Statistical tests and parameter estimates

It is often argued that statistical testing is an important part of a scientific manuscript because p-values represent an objective method for assessing scientifically important differences in data. This is a nice idea, but it is false.

Statistical tests cannot be used to “assess” important differences. Statistical significance is used for checking if an observed difference or effect can be explained by chance alone. When this is the case, the observation should of course be interpreted with caution. However, a statistically insignificant hypothesis never indicates that a difference or effect “does not exist”, because absence of evidence is not evidence of absence.

Furthermore, scientific importance is related to two different issues, which should not be confused: clinical and statistical significance. For example, whether a body temperature difference of 0.5 degree Celsius is clinically significant or not depends on biology. The difference may be significant when predicting ovulation but insignificant when predicting recovery after hip fracture. In contrast, statistical significance depends entirely on statistical issues; the 0.5 degree difference in body temperature may be statistically significant in a study of recovery after hip fracture with 400 subjects but not in one with 12.

In addition, statistical test results are not objective.
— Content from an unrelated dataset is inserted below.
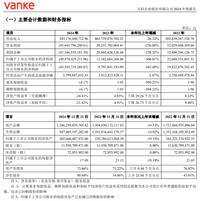 巨额亏损意味着万科不能通过自身造血来化解债务。

The outcome of statistical tests depends on the characteristics of the sample. A true difference in revision risk between two sorts of prostheses may show up in one sample, but not in another one, because a risk difference can easily be confounded by association with other factors affecting revision risk.

It is therefore, at least in observational studies, always necessary to take possible confounding factors into consideration. Sex and age are two common confounders. If not adjusted for, differences in the distributions of sex and age can bias a risk estimate and produce an arti-factual risk where none exists or mask an existing one.
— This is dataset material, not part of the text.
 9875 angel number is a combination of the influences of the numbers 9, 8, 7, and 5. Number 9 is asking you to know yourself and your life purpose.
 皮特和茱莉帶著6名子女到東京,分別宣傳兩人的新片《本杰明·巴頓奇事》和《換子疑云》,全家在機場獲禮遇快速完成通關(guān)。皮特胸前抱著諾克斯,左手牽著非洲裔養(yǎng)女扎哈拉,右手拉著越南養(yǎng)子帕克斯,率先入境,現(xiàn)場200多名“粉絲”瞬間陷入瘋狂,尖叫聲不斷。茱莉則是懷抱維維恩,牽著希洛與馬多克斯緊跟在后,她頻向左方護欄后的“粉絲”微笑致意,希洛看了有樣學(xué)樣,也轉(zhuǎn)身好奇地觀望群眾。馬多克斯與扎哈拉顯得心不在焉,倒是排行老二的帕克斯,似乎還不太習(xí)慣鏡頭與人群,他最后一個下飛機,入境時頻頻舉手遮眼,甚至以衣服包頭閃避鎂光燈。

Building statistical models

Adjustment for confounding can be performed using statistical (regression) models. Programmes for fitting statistical models are generally available in commercial software packages.
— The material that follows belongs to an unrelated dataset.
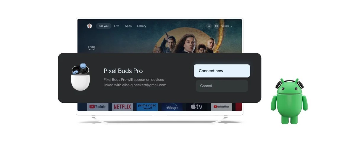 Znalazło się też coś dla właścicieli urządzeń z Google TV. W następnym miesiącu usługa Fast Pair zostanie najpierw udostępniona na Chromecasta z Google TV, a do końca roku także większej liczbie urządzeń z tym systemem. Dzięki temu, po przełączeniu akcesorium w tryb parowania wystarczy jedno dotknięcie, by podłączyć kompatybilny głośnik lub słuchawki do Google TV. Dostępna będzie także prosta kontrola wyjścia audio, dzięki której w dowolnym momencie szybko przełączysz się z powrotem na domyślny dźwięk telewizora.

The testing and parameter estimation performed using a statistical model clearly depends on the variables included in the model. It is therefore crucial for confounding adjustment that known clinically significant variables are included in the regression model. The statistical significance of an adjustment variable is, however, irrelevant. A clinically significant variable may well be an important confounder also when it is statistically insignificant.

Stepwise regression analysis

The common practice (1) to screen a dataset using simple hypothesis tests and include statistically significant variables in a multiple statistical model to find out if they are “really significant” is therefore inappropriate. This technique should be used neither for confounding adjustment, nor for prediction purposes.

Stepwise regression analysis also uses p-value related criteria for building a statistical model. This is thus also an inappropriate method (2-3). The technique can perhaps be used for generating hypotheses about completely unknown phenomena, but a sound strategy for selecting variables in clinical and epidemiological studies where some knowledge do exist, is to use clinical judgment.

In addition, stepwise regression have for many years been criticised by statisticians (4-6) for overestimating precision and producing biased regression coefficients. It seems, however, that little of this criticism has reached the medical society. Inappropriate use of stepwise regression analysis appears to be increasingly common in medical publications (7-8).

Other scientific journals like Annals of Internal Medicine have also recently included statistical guidelines to “avoid stepwise methods of model building” in their Information for Authors
(http://www.annals.org/shared/author_info.html#multivariable-analysis, July 9, 2007).

In conclusion, there are good reasons for thinking twice about using this method in medical research. Our recommendation is always to avoid stepwise regression.

References

1. Sun SW et al. Inappropriate use of bivariable analysis to screen risk factors for use in multivariable analysis. J Clin Epidemiol. 1996;49:907-16.

2. Harrell FE, Jr, et al. Multivariable prognostic models: issues in developing models, evaluating assumptions and adequacy, and measuring and reducing errors. Statist Med. 1996;15:361-87.

3. Mickey RM, Greenland S. The impact of confounder selection criteria on effect estimation. Am J Epidemiol. 1989;129:125-37.

4. Mantel N. Why stepdown procedures in variable selection. Technometrics 1970;12:621-625.

5. Copas JB. Regression, prediction and shrinkage (with discussion) JRSS 1983;B45:311-354.

6. Derksen S, Keselman HJ. Backward, forward and stepwise automated subset selection algorithms: Frequency of obtaining authentic and noise variables. Br J Math Stat Psychol 1992;45:265-282.

7. Whittingham MJ, Stephens PA, Bradbury RB, Freckleton RP. Why do we still use stepwise modelling in ecology and behaviour? J Anim Ecol 2006;75:1182-1189.

8. Malek MH, Berger DE, Coburn JW. On the inappropriateness of stepwise regression analysis for model building and testing. Eur J Appl Physiol 2007 May 23; Epub ahead of print.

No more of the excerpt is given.